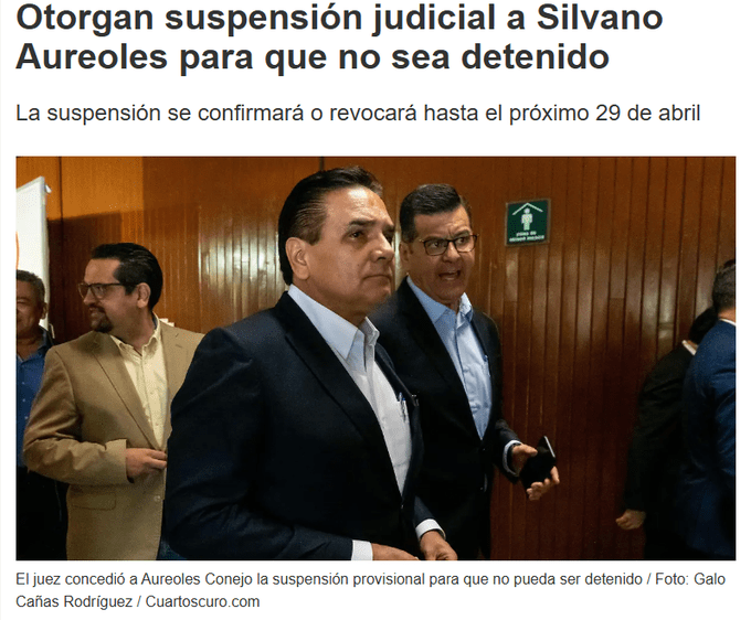 Como se sabe Aureoles recibió una suspensión para no ser detenido luego de que promovió un amparo “contra cualquier orden de aprehensión y/o reaprehensión; orden de detención; orden de arresto; y orden de comparecencia”.
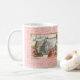 Eu amo France e deleito-me na beleza elegante da arte francesa do século XVIII e projeto-me. Este design é meu ode a Versalhes e Marie Antoinette. O castelo é moldado no meio, com Marie e alguns rosas cor-de-rosa gastos em uma compota em cada lado. Há igualmente uma bandeira com o motivo da caneta e do inkwell de quill, lendo "Versalhes," no canto superior. O fundo tem um olhar antigo do pergaminho com trabalho cor-de-rosa da borda do grunge. Tudo quadro por uma beira da escrita ouro-tonificada. A imagem aparece em ambos os lados do copo. Mostrado com um fundo cor-de-rosa e uma beira marrom, mas você pode escolher um outro estilo da paleta de cores ou da caneca quando você a personaliza.
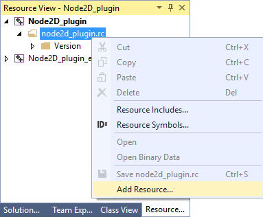2. In the Solution Explorer double-click the Resource File (<ProjectName>.rc) of your plugin project to open the Resource View, right-click the selected .rc folder, select Add Resource, and import the .ico file you want to use as the icon for your node.
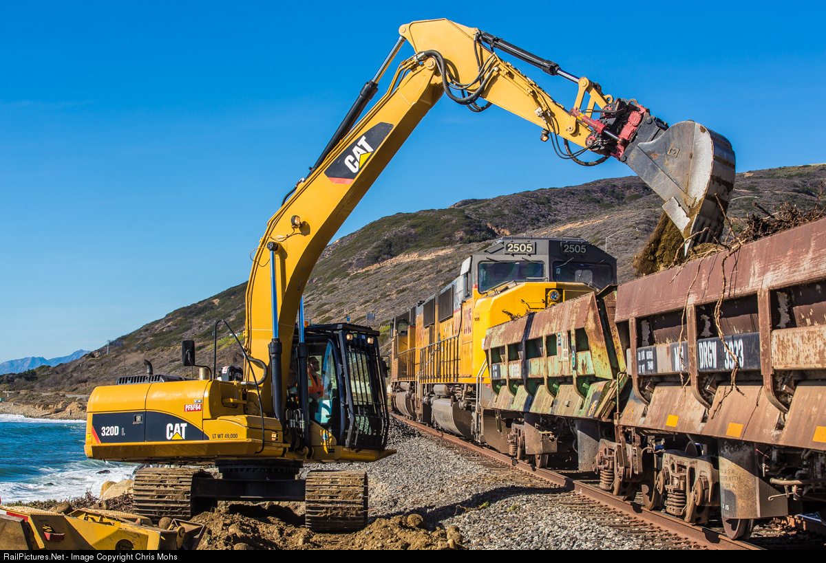 | Removing the soil from the area where the rock for the seawall extension will be placed into the dump cars. Restoring the property in the never ending battle against the sea.This section of Emma Wood State park has soft soil with is very susceptible to erosion. Union Pacific is extending the rock seawall as the soil erodes away. |
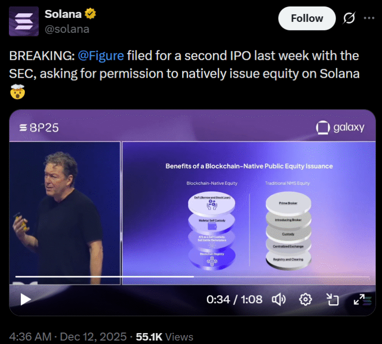 Figure Technology has filed for a second public offering to issue blockchain-native equity on Solana, enabling onchain trading and decentralized finance (DeFi) applications. The plan follows the company’s recent listing on Nasdaq and is intended to expand the range of tokenized securities use cases on Solana.
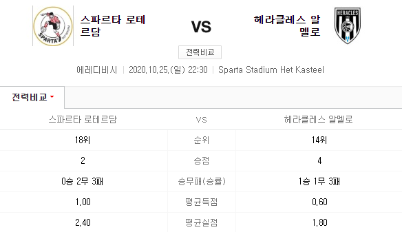 스파르타로테르담 헤라클레스 10월25일 에레디비시 축구분석 스포츠중계 무료분석
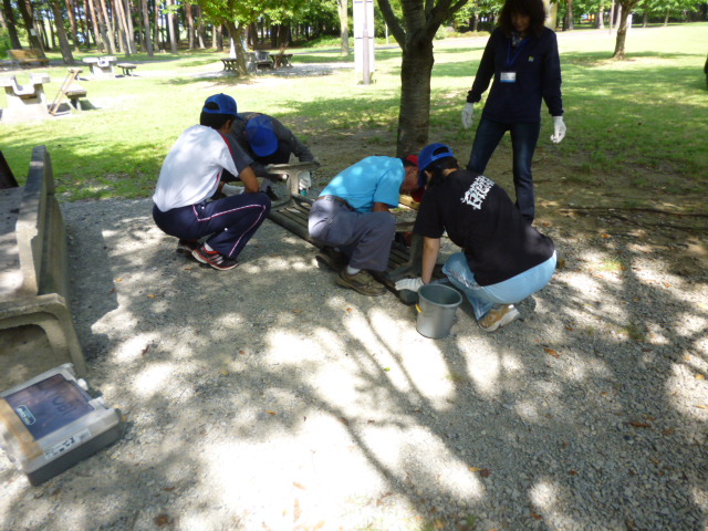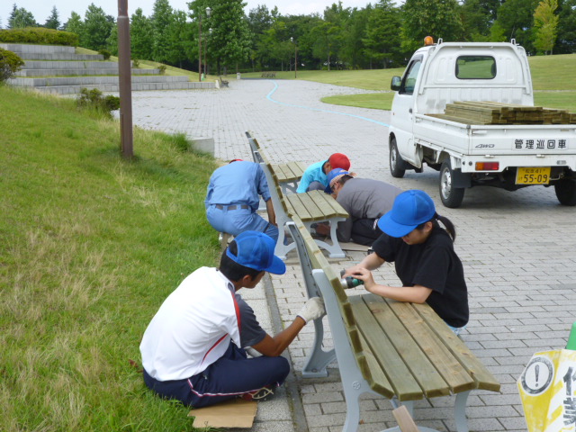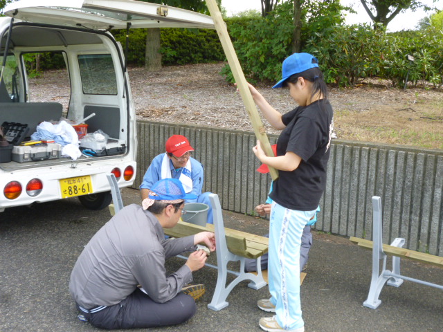 あとは、園路沿いのベンチもお色直しと板の交換

*ABOUT THIS EXERCISE*. Leave out the pictures, and please output only the lines from the line that contains "2. In the Solution" through the end of the data, both ends included.

*EXERCISE OUTPUT*.
2. In the Solution Explorer double-click the Resource File (<ProjectName>.rc) of your plugin project to open the Resource View, right-click the selected .rc folder, select Add Resource, and import the .ico file you want to use as the icon for your node.
 | Removing the soil from the area where the rock for the seawall extension will be placed into the dump cars. Restoring the property in the never ending battle against the sea.This section of Emma Wood State park has soft soil with is very susceptible to erosion. Union Pacific is extending the rock seawall as the soil erodes away. |
 Figure Technology has filed for a second public offering to issue blockchain-native equity on Solana, enabling onchain trading and decentralized finance (DeFi) applications. The plan follows the company’s recent listing on Nasdaq and is intended to expand the range of tokenized securities use cases on Solana.
 스파르타로테르담 헤라클레스 10월25일 에레디비시 축구분석 스포츠중계 무료분석
 あとは、園路沿いのベンチもお色直しと板の交換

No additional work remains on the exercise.